Charles Stanley is "a slumbering beast that is stirring", according to head of asset management and distribution Christopher Aldous, as the group capitalises on its year-long restructure.
Last year, the firm overhauled its asset management division, which included developing a new investment proposition, as part of a wider review of the business as it seeks to become a leading wealth manager by 2020.
The group's four asset management businesses - Pan Asset, CPS, Matterley and IHT - were combined so equity, fixed income and collectives research could be better co-ordinated and integrated.
Aldous (pictured) said assets under management in this division have grown by 20% over the past year to just over £1.3bn.
As with any restructure, the changes led to several departures including co-head of open-ended fund research Shauna Bevan and head of intermediary distribution Mark Pittaccio, replaced by Adam Carruthers and Steve Hill respectively.
"The world is changing very quickly and Charles Stanley is no longer a group of little businesses," Aldous said. "We had to put some people 'at risk' while we decided on new roles and some of them decided to leave or did not want the new role."
Having completed this restructure, Aldous is now keen to refine these systems and make the firm more efficient.
He also wants to work closely with smaller IFAs to improve cohesion between the firm's financial planning and investment management arms, although it is already working with the larger adviser networks.
"We are working to become a leading wealth manager and we measure that by client feedback, which is excellent, staff engagement that is improving, assets under management of £22.7bn (but we want to grow this substantially) and our stockmarket valuation, which needs work.
"The improvements in the business have not been reflected in the share price but it should improve as we become more profitable."
Personal Portfolio Service
Meanwhile, Aldous has previously spoken about the difficulties of retaining smaller clients, due to the burden of reporting and transaction costs.

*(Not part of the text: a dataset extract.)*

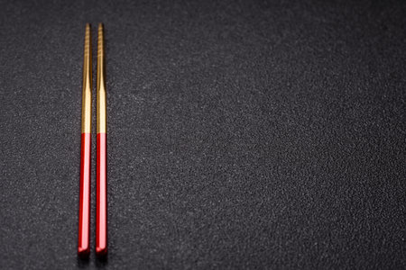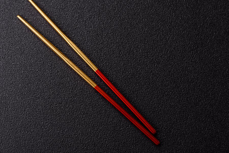 Wooden sushi sticks on a dark concrete background. Japanese Asian cuisine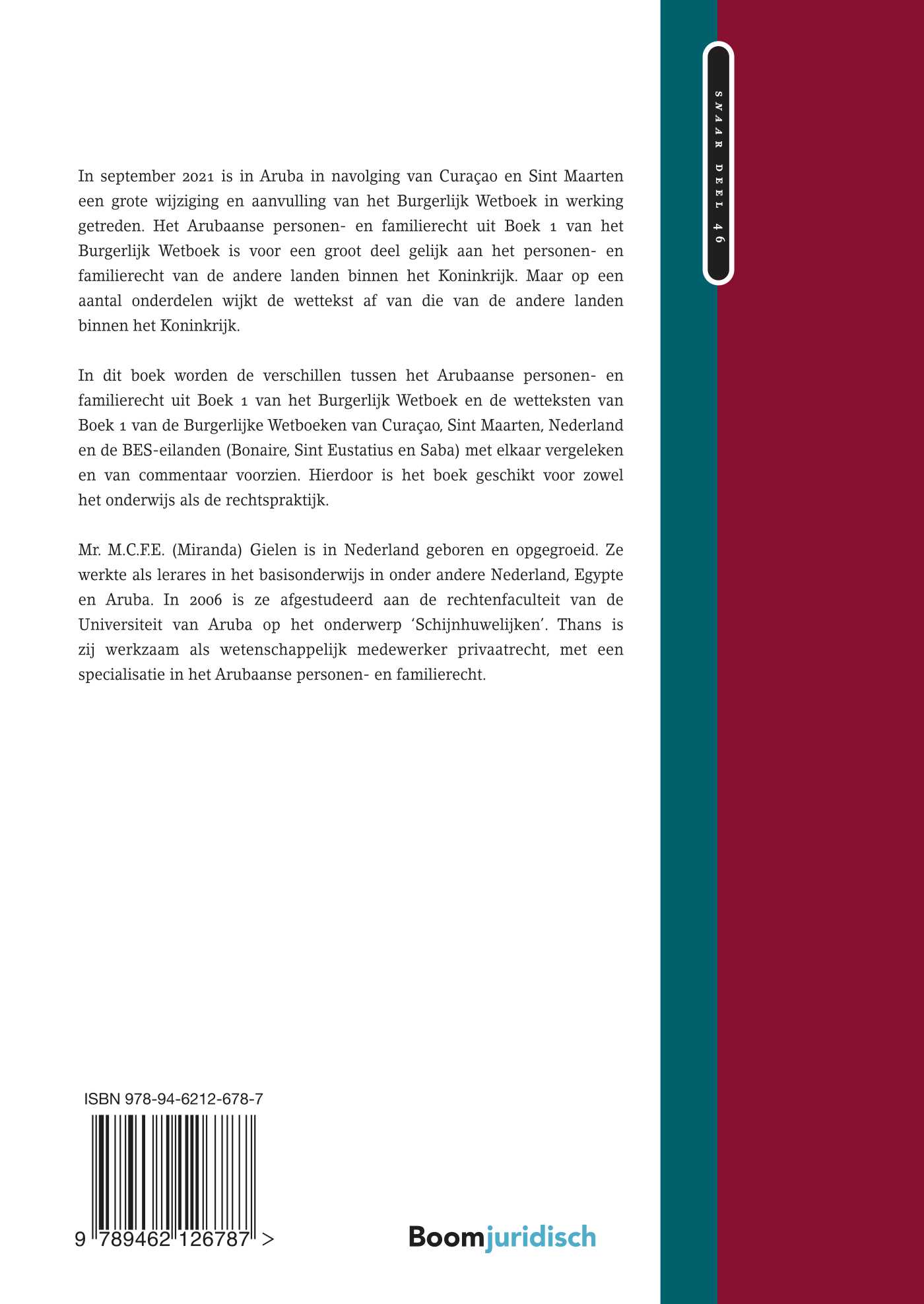 In dit boek worden de verschillen tussen het Arubaanse personen- en familierecht uit boek 1 van het Burgerlijk Wetboek en de wetteksten van Boek 1 van de Burgerlijke Wetboeken van Curaçao, Sint Maarten, Nederland en de BES-eilanden (Bonaire, Sint Eustatius en Saba) met elkaar vergeleken en van commentaar voorzien. Hierdoor is het boek geschikt voor zowel het onderwijs als de rechtspraktijk.

But in a bid to provide a solution for this part of its client base, Charles Stanley has launched a Personal Portfolio Service this month for clients with less than £150,000.

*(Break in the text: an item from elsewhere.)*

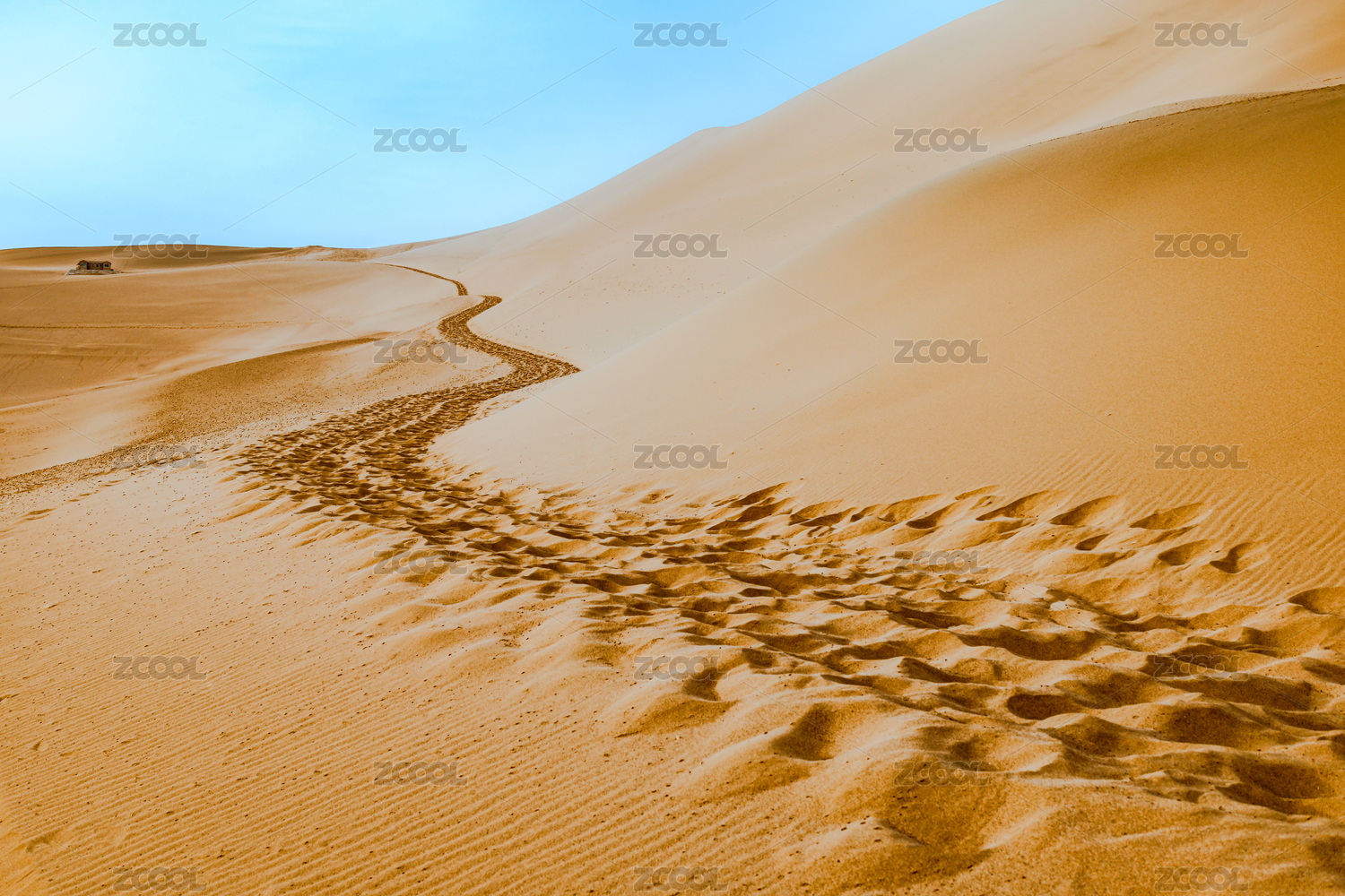 中国甘肃酒泉敦煌鸣沙山,沙漠沙山的弯曲脚印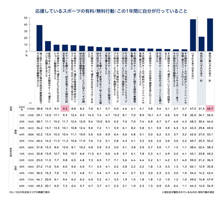 ・スポーツの応援行動のうち、「無料の行動」を行っている人は約5割(48.7%)で、有料行動を行っている人は約2割(21.5%)。有料行動の中で最も高いのは「会場観戦」だが、全体の1割弱にとどまる。【図表8】

This offers five risk-profiled multi-asset portfolios, telephone-based ongoing advice from investment managers, as well as annual reviews and suitability checks for 0.5% per year, plus fund charges.
The overall charge for the PPS is 1.75%-1.84% and there are currently no minimum investment thresholds.
Funds target inflation plus 1%-4% depending on risk levels and can invest in active and passive funds, ETFs, bonds and equities.
Aldous said a slimmed-down version could be offered to clients using D2C service Charles Stanley Direct in due course.
"It is difficult not to be 'me too' but we have tried to make them similar to our bespoke portfolios," he said. "It is hard to justify bespoke portfolios for pots smaller than £150,000, so this is a cheaper alternative and a way for us to keep those clients."
Adviser solutions reorganisation
In addition, Charles Stanley has also carried out a 'root and branch' reorganisation of its range of adviser solutions which now includes the Matterley fund, dynamic passive portfolios, standard or tailored multi-manager portfolios, inheritance tax portfolio, multi-asset portfolios, court of protection and bespoke discretionary-managed portfolios.
These range in minimum investment from £1,000 for the first three options to £150,000 for the latter three.
Cost considerations have been an important part of building the proposition, with AMCs starting from as low as 0.21% plus VAT for one of the five dynamic passive portfolios.
Aldous commented: "We are finding ourselves up against ludicrous fees if firms are using their own in-house trackers, but then they add underlying additional costs too.
"We value openness and most of the charges these firms add on are already included in our fees. We have noticed investors becoming more price-sensitive."